Strawbs - "Live in Tokyo '75/Grave New World - The Movie" (Witchwood Media 80 min.)

As the title reveals, this DVD has two main features. The first one is a 45-minute concert from Tokyo in 1975 on the tour for "Ghosts". The setlist is naturally based around many songs from that album, but we're of course also getting such obligatory Strawbs classics as "New World" and "Hero and Heroine". The audio is a bit thin and without much depth, but sounds at least clean and clear. The stage-set looks very kitschy and 70's, and the lightning and dry ice smoke make a magic finale to "Down by the Sea" (too bad Lambert's crappy vocal performance weakens it a bit). Other highlights include an atmospheric "Remember (When We Were Young)" and "The Life Auction". If you, like me, thought the latter one sounds a bit like Genesis on the studio version, then the performance here will strengthen that impression. Especially the intro is like watching/hearing something that Peter Gabriel could have done in Genesis. But to include a drum solo here was not a very good idea, especially when you consider the modest length of the concert. Apart from that, this is a nice chance to see Strawbs live from the 70's. The "Grave New World Movie" is basically a collection of videos from 1972 for each song from the album of the same name (with the exception of "Queen of Dreams"). Even a 70's fanatic like myself will freely admit that most of these videos unfortunately looks unbearably primitive and dated. The simple and more modest of them looks decent, such as the ones for "Is It Today, Lord?" and "Tomorrow". But it goes terribly wrong when the "special effects" is let loose. The worst example is undoubtedly "The Flower and the Young Man" where the band is supposed to be standing in the clouds. Honestly, I won't watch "The Grave New World Movie" again, as I prefer to listen to the album without having to associate it with these truly cheesy images.
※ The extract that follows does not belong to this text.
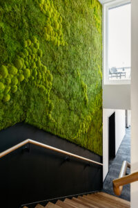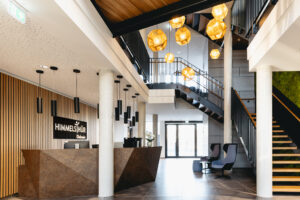 Mit dem Neubau ihrer Hauptverwaltung setzt die Diakonie Himmelsthür ein Zeichen in Richtung Zukunft. Helle Büroräume, flexible Kommunikationszonen, Schulungs-räume, ein multifunktionaler Andachtsraum: das Unternehmensleitbild „Brücken bauen“ ist nicht nur durch die Brücke in der grünen Eingangshalle ein verbindendes Element. Hier gibt es keine Barrieren - hier zählt Gemeinschaft. Fotos: Simona Bednarek

Among the bonuses at the end of the DVD is a TV clip from 1970 that shows the band with a very young Rick Wakeman, and believe me, this was really before they became a noteworthy band. There is also an interesting interview with Dave Cousins from 1974 where he tells about the background for the song "Grace Darling", and we follow the band as they sails out to the lighthouse where the story of that song actually happened. The DVD is worth having for the concert from 1975, and the rest of it is surely interesting from a historic point of view, although not very pretty to watch today.